■ SUPPLIED INFORMATION:
........

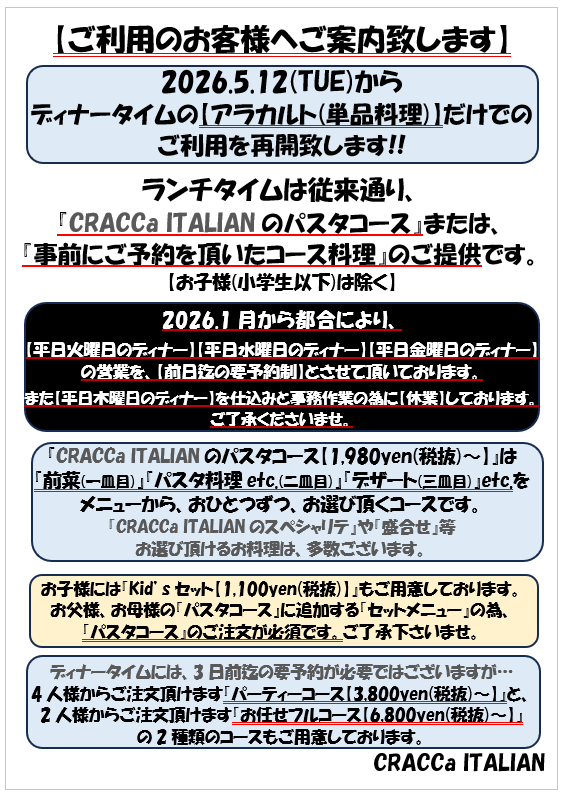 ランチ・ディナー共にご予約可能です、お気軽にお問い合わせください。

........

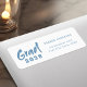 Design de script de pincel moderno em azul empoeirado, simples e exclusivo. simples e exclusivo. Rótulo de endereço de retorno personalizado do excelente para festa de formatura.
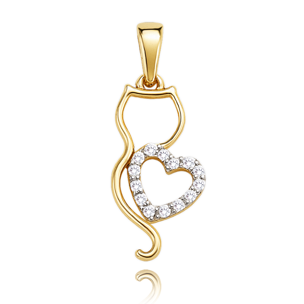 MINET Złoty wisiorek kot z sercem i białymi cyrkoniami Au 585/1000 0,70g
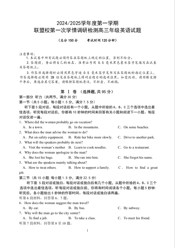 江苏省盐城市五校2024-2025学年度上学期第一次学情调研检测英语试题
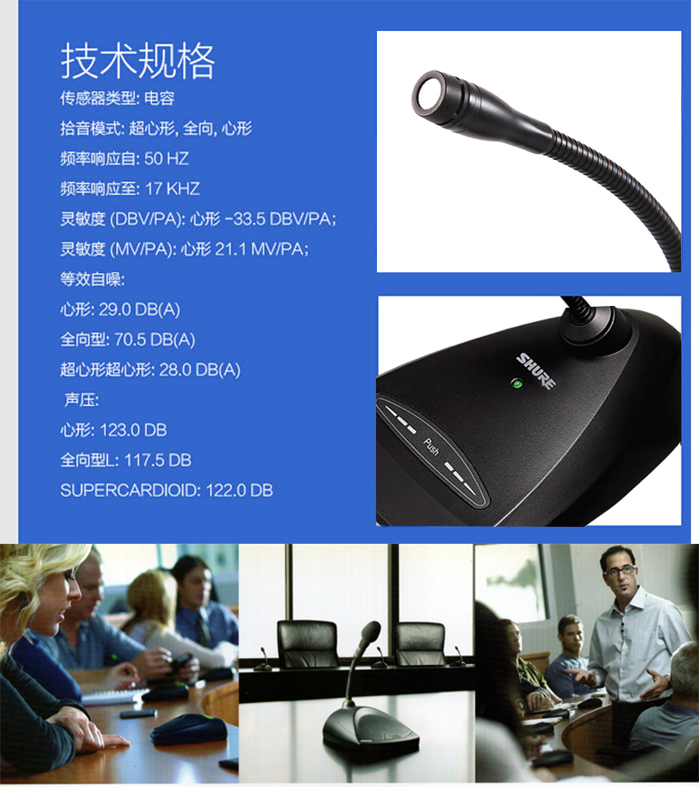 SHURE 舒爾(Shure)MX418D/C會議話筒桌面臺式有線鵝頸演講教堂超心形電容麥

........

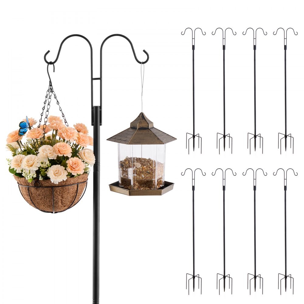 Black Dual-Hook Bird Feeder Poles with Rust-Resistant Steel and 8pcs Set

........

■ EXERCISE DESCRIPTION:
Although pictures appear among the records above, write out exactly only the lines from the one that has "MINET Złoty wisiorek" through the one that has "SHURE 舒爾(Shure", and leave the pictures out.

■ WORKED SOLUTION:
 MINET Złoty wisiorek kot z sercem i białymi cyrkoniami Au 585/1000 0,70g
 江苏省盐城市五校2024-2025学年度上学期第一次学情调研检测英语试题
 SHURE 舒爾(Shure)MX418D/C會議話筒桌面臺式有線鵝頸演講教堂超心形電容麥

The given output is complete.